**Task description**
Only these lines of the data below are wanted: the one with "Zuzanna Kulicka z", the one with "נרתיק ה-Alien Gear", and any lines between them, each repeated exactly.

**Records for the task**
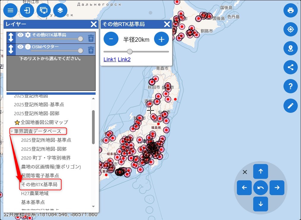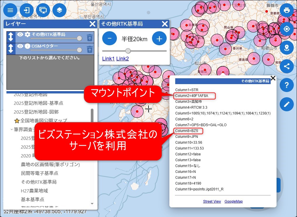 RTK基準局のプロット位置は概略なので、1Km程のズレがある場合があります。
* * *
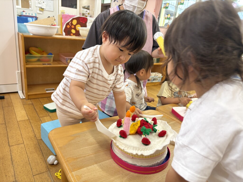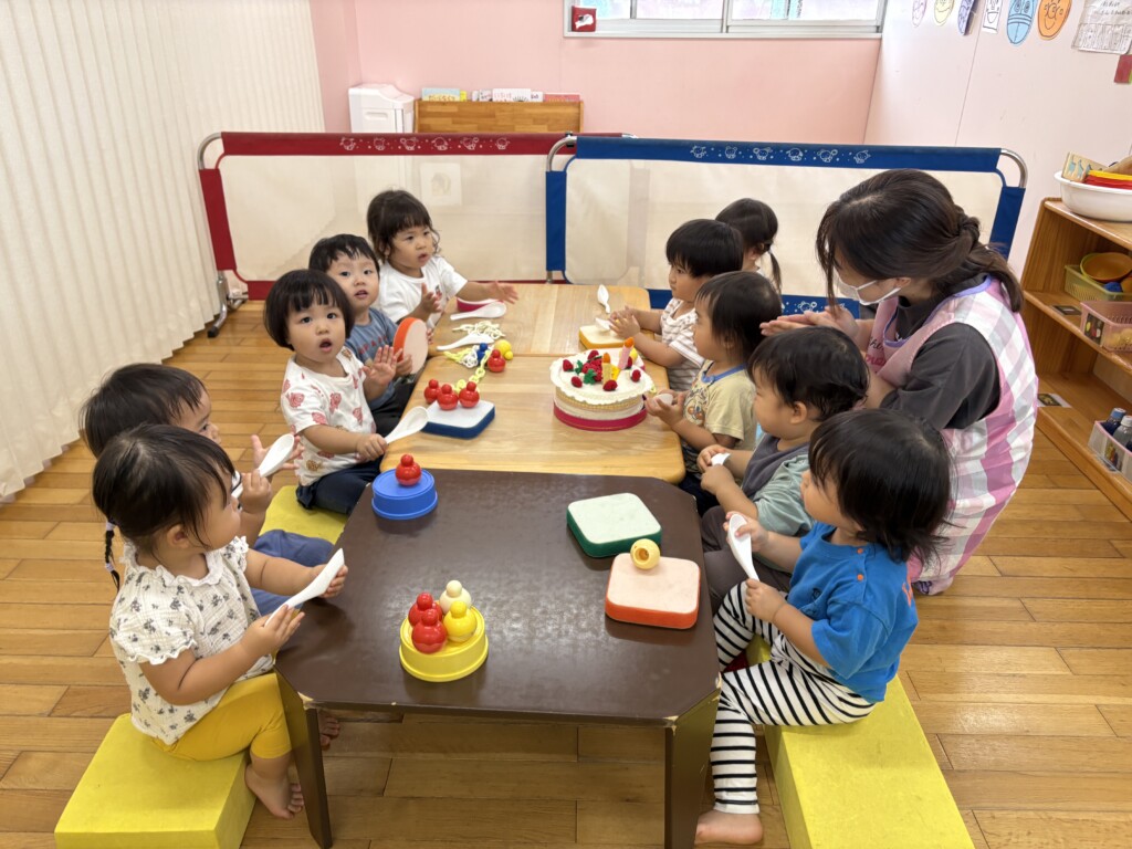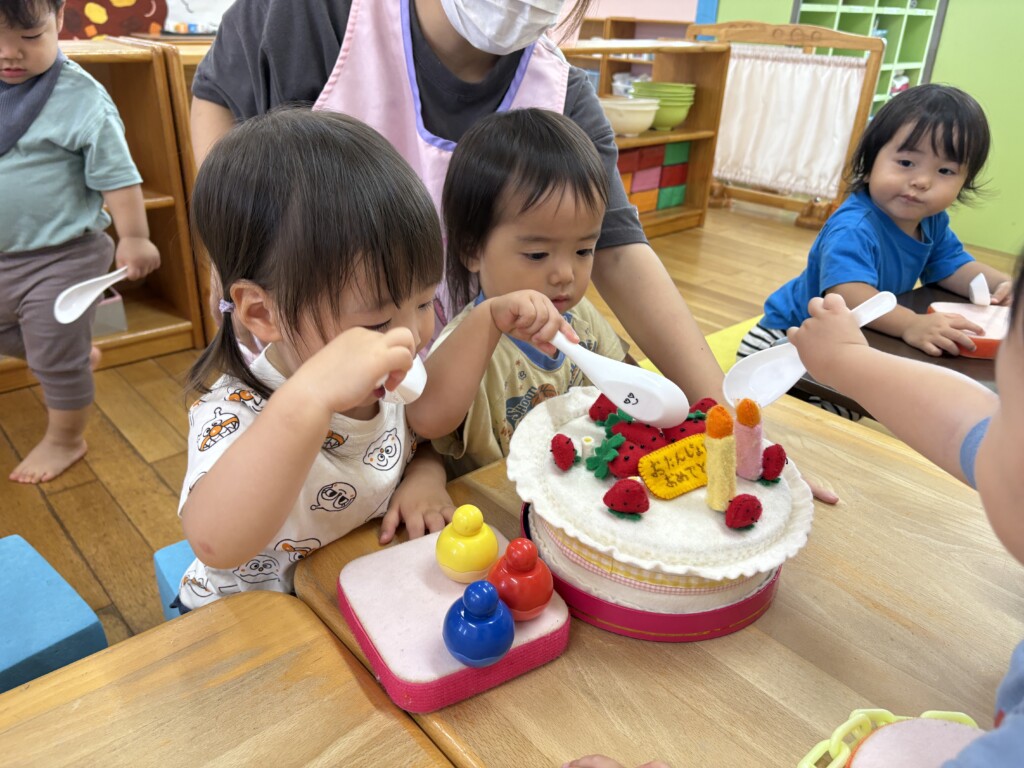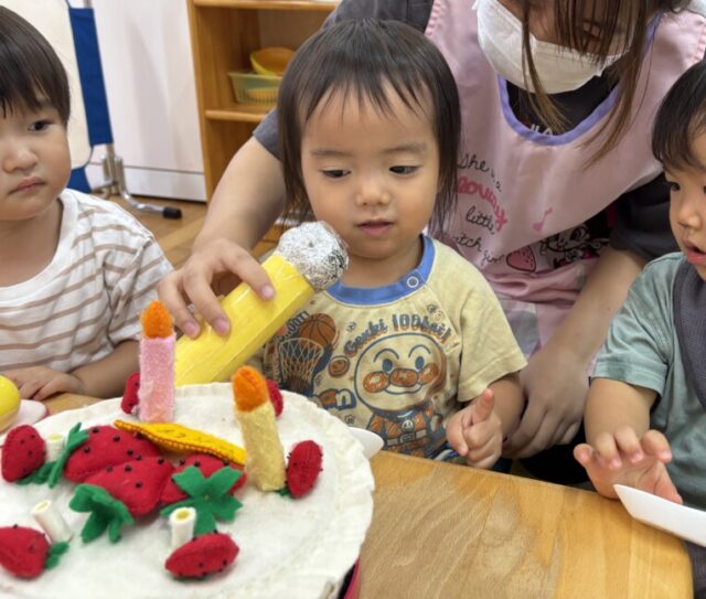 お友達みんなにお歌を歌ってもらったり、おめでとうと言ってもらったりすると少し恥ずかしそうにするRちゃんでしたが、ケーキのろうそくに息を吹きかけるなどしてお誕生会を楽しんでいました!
--
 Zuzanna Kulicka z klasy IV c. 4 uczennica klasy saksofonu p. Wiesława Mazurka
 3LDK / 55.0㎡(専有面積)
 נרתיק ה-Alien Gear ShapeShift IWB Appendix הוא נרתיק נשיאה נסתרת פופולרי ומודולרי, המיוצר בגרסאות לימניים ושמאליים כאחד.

**Answer to the problem**
 Zuzanna Kulicka z klasy IV c. 4 uczennica klasy saksofonu p. Wiesława Mazurka
 3LDK / 55.0㎡(専有面積)
 נרתיק ה-Alien Gear ShapeShift IWB Appendix הוא נרתיק נשיאה נסתרת פופולרי ומודולרי, המיוצר בגרסאות לימניים ושמאליים כאחד.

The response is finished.